*Records provided*
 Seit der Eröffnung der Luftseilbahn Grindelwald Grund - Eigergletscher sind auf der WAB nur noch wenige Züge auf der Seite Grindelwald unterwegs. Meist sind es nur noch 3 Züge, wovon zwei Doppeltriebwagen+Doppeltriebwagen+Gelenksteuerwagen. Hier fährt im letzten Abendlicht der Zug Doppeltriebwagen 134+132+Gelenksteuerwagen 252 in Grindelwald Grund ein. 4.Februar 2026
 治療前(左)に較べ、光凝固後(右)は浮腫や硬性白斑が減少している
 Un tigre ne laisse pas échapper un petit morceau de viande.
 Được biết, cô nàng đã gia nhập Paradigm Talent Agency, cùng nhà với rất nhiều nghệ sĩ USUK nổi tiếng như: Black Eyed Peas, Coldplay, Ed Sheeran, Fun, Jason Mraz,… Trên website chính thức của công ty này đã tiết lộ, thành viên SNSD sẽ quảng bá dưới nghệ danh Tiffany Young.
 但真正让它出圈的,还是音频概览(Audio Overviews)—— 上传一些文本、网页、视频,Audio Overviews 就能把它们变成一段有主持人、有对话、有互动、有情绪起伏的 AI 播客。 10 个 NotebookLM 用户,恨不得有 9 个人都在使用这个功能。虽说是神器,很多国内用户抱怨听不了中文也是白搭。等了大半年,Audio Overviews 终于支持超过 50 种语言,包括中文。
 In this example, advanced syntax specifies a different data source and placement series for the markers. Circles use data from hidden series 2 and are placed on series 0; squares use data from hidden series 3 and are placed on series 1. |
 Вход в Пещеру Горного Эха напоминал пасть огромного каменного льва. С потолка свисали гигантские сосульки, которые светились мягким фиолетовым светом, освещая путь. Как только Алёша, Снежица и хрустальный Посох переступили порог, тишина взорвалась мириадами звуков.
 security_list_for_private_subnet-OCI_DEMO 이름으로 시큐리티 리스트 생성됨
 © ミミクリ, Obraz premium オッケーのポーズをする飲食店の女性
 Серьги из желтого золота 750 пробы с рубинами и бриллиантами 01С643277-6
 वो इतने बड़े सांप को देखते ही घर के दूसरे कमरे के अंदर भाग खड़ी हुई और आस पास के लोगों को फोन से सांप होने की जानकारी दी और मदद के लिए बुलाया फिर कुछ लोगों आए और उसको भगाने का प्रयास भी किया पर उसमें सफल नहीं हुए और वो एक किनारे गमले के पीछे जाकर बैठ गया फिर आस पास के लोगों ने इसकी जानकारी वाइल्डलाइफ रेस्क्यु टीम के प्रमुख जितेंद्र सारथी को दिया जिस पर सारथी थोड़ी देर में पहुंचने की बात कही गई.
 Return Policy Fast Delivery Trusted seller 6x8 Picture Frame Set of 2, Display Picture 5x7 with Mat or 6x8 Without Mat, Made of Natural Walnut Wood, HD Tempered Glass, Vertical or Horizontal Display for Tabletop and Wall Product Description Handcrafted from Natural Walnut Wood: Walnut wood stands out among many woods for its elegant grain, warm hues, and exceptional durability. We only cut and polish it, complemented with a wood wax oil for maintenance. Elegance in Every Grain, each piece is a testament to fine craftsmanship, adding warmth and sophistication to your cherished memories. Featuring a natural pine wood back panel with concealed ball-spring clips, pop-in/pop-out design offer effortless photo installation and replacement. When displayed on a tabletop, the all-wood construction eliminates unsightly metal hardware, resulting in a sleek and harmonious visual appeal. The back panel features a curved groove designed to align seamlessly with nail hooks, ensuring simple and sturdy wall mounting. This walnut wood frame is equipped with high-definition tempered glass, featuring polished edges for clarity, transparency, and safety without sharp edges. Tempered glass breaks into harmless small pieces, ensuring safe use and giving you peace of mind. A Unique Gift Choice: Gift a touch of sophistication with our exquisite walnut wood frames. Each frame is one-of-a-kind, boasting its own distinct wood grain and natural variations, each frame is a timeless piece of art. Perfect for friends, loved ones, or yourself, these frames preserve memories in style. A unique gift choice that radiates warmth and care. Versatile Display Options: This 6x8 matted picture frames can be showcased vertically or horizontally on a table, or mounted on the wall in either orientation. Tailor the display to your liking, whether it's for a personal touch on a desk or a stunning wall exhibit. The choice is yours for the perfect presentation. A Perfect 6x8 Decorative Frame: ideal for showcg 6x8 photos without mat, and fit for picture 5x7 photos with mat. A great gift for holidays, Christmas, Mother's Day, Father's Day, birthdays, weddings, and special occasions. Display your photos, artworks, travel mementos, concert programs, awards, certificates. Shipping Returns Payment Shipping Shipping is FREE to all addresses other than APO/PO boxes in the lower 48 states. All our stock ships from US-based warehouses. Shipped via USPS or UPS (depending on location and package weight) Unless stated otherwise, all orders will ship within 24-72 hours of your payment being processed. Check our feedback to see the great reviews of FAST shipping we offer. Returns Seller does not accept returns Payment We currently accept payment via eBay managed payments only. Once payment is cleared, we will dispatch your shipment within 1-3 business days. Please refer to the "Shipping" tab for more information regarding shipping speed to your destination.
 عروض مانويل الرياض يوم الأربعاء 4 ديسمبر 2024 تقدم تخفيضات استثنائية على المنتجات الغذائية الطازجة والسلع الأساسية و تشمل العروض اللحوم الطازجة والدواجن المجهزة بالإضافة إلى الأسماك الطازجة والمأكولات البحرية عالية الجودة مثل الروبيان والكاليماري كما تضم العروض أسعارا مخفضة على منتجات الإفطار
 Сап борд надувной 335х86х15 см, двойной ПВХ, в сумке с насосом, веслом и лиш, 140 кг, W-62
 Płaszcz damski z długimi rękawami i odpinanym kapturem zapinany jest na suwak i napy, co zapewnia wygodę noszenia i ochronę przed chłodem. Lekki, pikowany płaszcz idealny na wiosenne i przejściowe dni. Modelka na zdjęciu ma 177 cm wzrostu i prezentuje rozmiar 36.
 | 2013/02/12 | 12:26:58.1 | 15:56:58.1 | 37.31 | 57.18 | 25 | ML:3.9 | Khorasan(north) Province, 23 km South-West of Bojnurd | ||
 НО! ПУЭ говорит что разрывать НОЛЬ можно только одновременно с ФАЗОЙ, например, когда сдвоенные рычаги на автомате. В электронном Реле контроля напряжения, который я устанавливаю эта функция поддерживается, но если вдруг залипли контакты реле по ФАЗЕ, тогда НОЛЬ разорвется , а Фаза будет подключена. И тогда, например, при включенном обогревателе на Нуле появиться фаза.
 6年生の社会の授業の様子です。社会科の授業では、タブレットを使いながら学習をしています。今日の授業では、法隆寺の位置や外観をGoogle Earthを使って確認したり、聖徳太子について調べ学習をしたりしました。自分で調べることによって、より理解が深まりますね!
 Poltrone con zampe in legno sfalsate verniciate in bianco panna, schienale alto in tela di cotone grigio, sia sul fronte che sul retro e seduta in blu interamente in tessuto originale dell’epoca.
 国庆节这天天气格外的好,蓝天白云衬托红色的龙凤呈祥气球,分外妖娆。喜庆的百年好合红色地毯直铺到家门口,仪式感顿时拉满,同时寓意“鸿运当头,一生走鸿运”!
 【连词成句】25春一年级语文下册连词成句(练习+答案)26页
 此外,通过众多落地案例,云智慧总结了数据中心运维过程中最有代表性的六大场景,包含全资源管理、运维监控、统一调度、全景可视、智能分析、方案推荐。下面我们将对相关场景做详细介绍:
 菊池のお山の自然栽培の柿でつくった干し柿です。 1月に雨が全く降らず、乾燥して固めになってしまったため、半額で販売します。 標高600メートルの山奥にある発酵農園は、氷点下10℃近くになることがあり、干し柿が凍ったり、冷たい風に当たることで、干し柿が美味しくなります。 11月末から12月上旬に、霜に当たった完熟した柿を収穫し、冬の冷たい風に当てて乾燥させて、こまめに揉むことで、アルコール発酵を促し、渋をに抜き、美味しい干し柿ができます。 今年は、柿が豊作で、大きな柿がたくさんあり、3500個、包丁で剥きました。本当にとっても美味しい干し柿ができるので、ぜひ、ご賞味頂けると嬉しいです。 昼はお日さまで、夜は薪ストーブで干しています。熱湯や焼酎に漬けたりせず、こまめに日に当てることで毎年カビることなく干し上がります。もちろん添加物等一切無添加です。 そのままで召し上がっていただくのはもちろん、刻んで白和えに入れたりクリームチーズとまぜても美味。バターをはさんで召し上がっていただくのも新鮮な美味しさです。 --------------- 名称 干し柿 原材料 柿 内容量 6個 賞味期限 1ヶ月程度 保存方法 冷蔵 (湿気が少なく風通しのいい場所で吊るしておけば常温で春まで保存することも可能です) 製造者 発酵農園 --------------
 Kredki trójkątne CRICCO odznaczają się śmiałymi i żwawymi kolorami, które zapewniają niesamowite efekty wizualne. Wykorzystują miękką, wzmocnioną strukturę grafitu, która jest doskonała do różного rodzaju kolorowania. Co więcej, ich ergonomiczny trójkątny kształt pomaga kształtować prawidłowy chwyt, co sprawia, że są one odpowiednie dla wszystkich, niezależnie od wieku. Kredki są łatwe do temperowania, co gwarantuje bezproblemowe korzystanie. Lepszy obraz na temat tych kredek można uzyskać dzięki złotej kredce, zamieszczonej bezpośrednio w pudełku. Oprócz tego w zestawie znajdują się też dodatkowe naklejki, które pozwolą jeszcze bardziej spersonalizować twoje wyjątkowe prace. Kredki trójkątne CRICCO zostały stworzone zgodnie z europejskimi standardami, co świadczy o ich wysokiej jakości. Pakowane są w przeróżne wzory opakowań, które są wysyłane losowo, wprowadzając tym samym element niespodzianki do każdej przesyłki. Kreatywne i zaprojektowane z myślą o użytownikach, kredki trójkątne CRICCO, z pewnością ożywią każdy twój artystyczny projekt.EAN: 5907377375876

*What is being asked*
Go through the records above and return every line that holds the string "только".

*Exercise output*
 Вход в Пещеру Горного Эха напоминал пасть огромного каменного льва. С потолка свисали гигантские сосульки, которые светились мягким фиолетовым светом, освещая путь. Как только Алёша, Снежица и хрустальный Посох переступили порог, тишина взорвалась мириадами звуков.
 НО! ПУЭ говорит что разрывать НОЛЬ можно только одновременно с ФАЗОЙ, например, когда сдвоенные рычаги на автомате. В электронном Реле контроля напряжения, который я устанавливаю эта функция поддерживается, но если вдруг залипли контакты реле по ФАЗЕ, тогда НОЛЬ разорвется , а Фаза будет подключена. И тогда, например, при включенном обогревателе на Нуле появиться фаза.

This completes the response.